Brett from No More Incumbents Blog goes out on a limb: He thinks Oprah on the stump is an "implied vice Presidential statement" and suggests that, together, the pair could take the presidency: "Oprah does have some baggage and lacks experience, but she definitely has goodwill, money and power."
So what'll Hillary do? At Tales from the Trail: 2008, Jeremy Pelofsky reports: "Stepping up her game in Iowa, she is sending her popular husband, former President Bill Clinton, to three events around the state on Tuesday."
Read more about Oprah and Obama. Read what Slate's "XX Factor" has to say.
What's in a name? As part of a lesson on animal habitats, a British teacher asked her class of 7-year-olds at the Unity High School in Khartoum, Sudan, to name a teddy bear. The kids chose "Mohammed." Cute, right? Not for the teacher: She's facing a blasphemy charge and 40 lashes in a Sudanese jail, though the latest reports indicate she could be released soon.
Nice Deb quips: "I think this is what we call a 'clash of civilizations.' " She links to Ace of Spades, who headlines his post: "Teddy Bear Named 'Muhammad' In Sudan; Murder, Chaos Scheduled For Later This Month."And Dr. Rusty Shackleford of the Jawa Report thinks "it's just sad and depressing."
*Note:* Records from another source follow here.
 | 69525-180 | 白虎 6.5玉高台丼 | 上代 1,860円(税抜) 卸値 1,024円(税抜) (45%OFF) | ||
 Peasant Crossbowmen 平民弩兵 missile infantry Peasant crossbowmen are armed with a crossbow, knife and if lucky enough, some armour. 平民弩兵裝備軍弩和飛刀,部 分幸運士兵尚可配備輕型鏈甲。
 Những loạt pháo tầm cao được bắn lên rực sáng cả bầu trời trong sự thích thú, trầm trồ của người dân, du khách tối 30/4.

"Of course, I'm opposed to whipping as a punishment," says Ann Althouse, "but it seems to me that if you go to a foreign country to teach people's children, you have a responsibility to learn the deep beliefs of the culture you've entered and to adapt to it. Think of a foreign teacher coming to the United States to teach in our public schools. We would expect her to refrain from leading the students in a prayer, and she would be sanctioned if she didn't comply. People in other countries might think, what is wrong with these Americans? All the teacher did was say a harmless, voluntary nonsectarian prayer."
Michelle Malkin, on the other hand, is having none of it: "If it isn't cartoons or Western fast-food joints or Valentine's day cards or beauty pageants or books or speeches or Playboy magazines or soccer balls that have the Religion of Perpetual Outrage up in arms, it's something else. It's always something. You can never assuage the unassuageable. You can never anticipate what pretext they'll use next to claim 'insult' and demand submission."
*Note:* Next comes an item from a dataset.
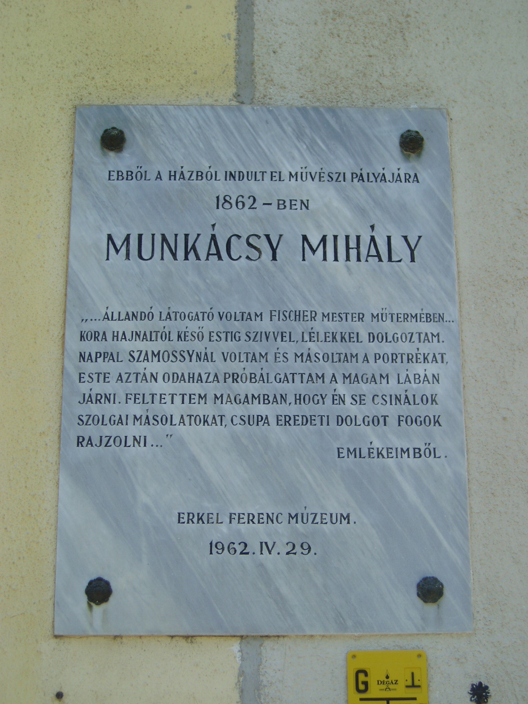Nyilvános 1080 | 1570 | Gyula, Munkácsy utca 15. | Ebben a földszintes házban - Oláh György asztalosmester egykori házában - lakott 1860-61-ben Reök István, Munkácsy Mihály nagybátyja és gyámja. A Bach-rendszer bukása után ugyanis mint régi negyvennyolcas a megyénél kapott állást, s Gyulára költözött (korábban Békéscsabán élt). Az Aradon asztaloslegényként dolgozó gyámfia, akkor még Lieb Mihály 1860 őszén őhozzá jött haza Gyulára. A sokáig váltólázban szenvedő fiút nagybátyja Karl Fischer helybeli rajztanár műtermében taníttatta, hogy az asztalosmesterséghez szükséges rajztudást elsajátítsa. S itt, Fischer mesternél látta meg őt a Wenckheim kastélyban (lásd: Gyula, Kossuth u. 15.) tartózkodó Szamossy Elek festőművész, aki felismerte Munkácsy tehetségét, magához vette, s Gyuláról távozván, a nagybácsi engedélyével magával is vitte. Így mentette meg a tehetséges fiút a magyar művészet számára. Munkácsy maga is azt vallja önéletírásában, hogy élete sorsa Gyulán dőlt el. A ház falán márványtábla őrzi Munkácsy emlékét, s ezen idézetet olvashatunk Munkácsy "Emlékeimből" című önéletrajzából. A fénykép 2007 júliusában készült. Felh. irod.: Czeglédi Imre: Gyula útikalauz. 2. jav., bőv. kiad. Gyula, 1995 |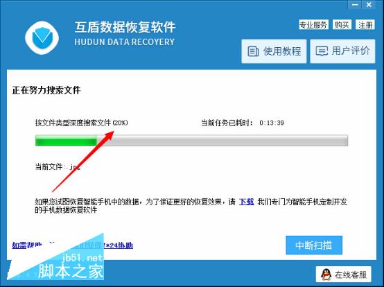 3) 軟件進(jìn)入掃描狀態(tài),如果您剛剛刪除文件,可以選擇在掃描到10%~20%時(shí)中斷掃描,沒(méi)有必要掃描全部,這樣可以節(jié)省大部分的時(shí)間。

Newbie blogger Fretless Fascination throws a curve ball. He thinks the Sudanese authorities were more upset about the teacher letting the kids vote than about the name itself: "Islam is a religion of submission. Women are subjected to men, children to their mothers. All subject themselves to the will of their religious leaders. … And submissive people don't vote."
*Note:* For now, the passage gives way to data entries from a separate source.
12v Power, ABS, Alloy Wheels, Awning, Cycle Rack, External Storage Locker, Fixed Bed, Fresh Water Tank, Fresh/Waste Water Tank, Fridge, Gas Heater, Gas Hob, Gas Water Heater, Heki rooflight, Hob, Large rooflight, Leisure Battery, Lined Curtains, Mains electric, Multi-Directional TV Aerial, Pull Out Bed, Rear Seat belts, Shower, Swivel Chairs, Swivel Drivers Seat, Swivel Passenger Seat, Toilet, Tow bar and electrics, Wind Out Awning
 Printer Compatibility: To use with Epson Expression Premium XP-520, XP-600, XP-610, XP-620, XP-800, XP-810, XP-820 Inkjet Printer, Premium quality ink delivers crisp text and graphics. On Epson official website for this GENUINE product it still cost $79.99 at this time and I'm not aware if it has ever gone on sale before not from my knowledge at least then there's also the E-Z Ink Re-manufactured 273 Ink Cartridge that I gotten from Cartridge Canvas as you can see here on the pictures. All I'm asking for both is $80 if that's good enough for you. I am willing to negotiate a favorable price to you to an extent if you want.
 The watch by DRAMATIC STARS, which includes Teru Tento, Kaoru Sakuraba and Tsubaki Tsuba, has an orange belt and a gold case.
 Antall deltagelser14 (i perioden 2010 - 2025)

Read more about the teddy bear Mohammed.
Sean Taylor murdered: Washington Redskins safety Sean Taylor died Tuesday, a day after he was shot in his Miami home by an intruder. Taylor, a Pro Bowl pick in 2006, wasn't always a model citizen—he was accused of brandishing a gun at a man in 2005—but obits note that he'd matured since the birth of his daughter last year.
James Joyner from Outside the Beltway calls the death "tragic" but notes: "Despite a middle class background (his father is a police chief and his mother a school official), Taylor somehow adopted the thug lifestyle so common to football players at 'The U.' [Miami University.] He'd apparently snapped out of it but continued to surround himself with the wrong element."
The Assimilated Negro offers a more traditional farewell: "[F]or it to end like this you just have to shake your head, because there is no sadder story than someone just getting in position to give all he can to this world, only to have that opportunity snuffed out."
Miami Herald columnist Ana Veciana-Suarez knew Taylor and decries any negative commentary: The Sean I met many times as a teenager was respectful, well-mannered and even soft-spoken. Yes, he was very intense on the field, but he was a good kid."